Gearbox The transmission suffers few problems. The gearbox may feel sluggish when cold, but it will become slick once warm. There were some clutch failures on early cars, but these have mainly been resolved now. Expect at least 50,000 miles before replacement unless it has been abused. If you hear a knocking sound under load on the test drive it may be caused by a split driveshaft boot allowing dirt to get inside and break the joint.

Suspension Other than wear on high-mileage cars, problems are rare. However, the geometry has to be spot-on and it can be knocked out by kerbing or hitting pot-holes. This can cost £200 to set up correctly. The lower control arms should be examined for damage caused by grounding and the anti-roll bar bushes may need replacing on older cars.
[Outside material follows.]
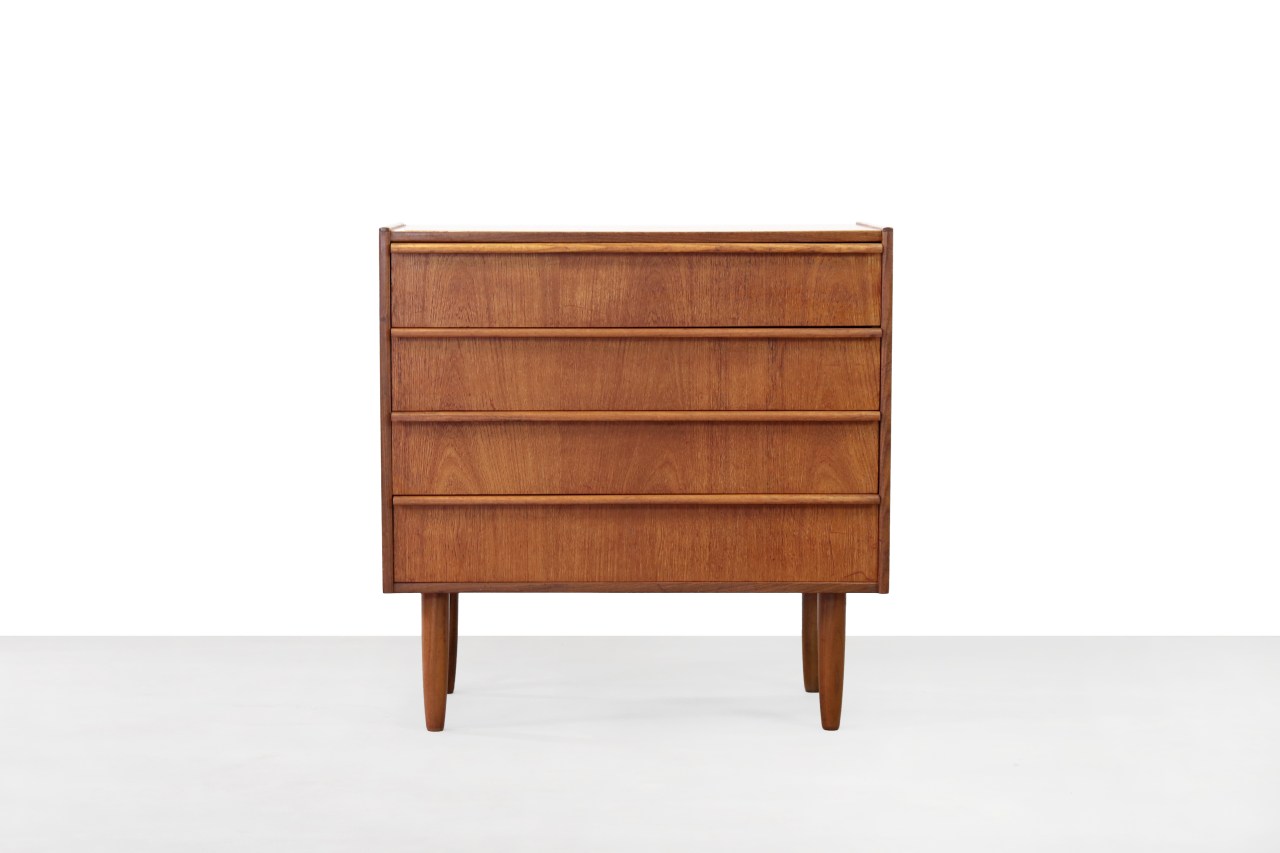Omschrijving: Deens design ladekast met 4 lades. Uitgevoerd in teak. De vormgeving van het kastje is modernistisch, recht en zonder poespas. Dit maakt het kastje een tijdloos model. Fijn formaat die je op meerdere plekken in het huis kwijt kunt en waar je veel in op kunt bergen. Deze ladenkast is 79 cm breed, 40 cm diep en 79 cm hoog.

Brakes, wheels and tyres If the car has been used on track it’s likely that harder brake pads will have been fitted, another clue to the use it has been subjected to. Tyres must have an N rating. These are approved Porsche tyres and the ‘N’ will be stamped on the sidewall. Pirelli, Michelin and Continental all produce tyres for the 996, although we prefer the Pirelli.

Values Colour has a significant effect on values. Reds and yellows are hard to shift, while silvers and blacks are the most popular. Loud interiors are best avoided too.

In a private sale an average-mileage early car in a decent colour and in good condition will command around £25K, while the same car at a main dealer would cost closer to £27.5K. A 2000 model-year C2 will cost £32K privately and £35K at a main dealer, while a C4 will be about two grand more for a similar-age example. A GT3 from the same period will cost £42K in a private Top Marques ad, while a dealer will charge about £47K. An ’03 Turbo demands between £65K and £68K, while a GT3 RS will set you back £64K.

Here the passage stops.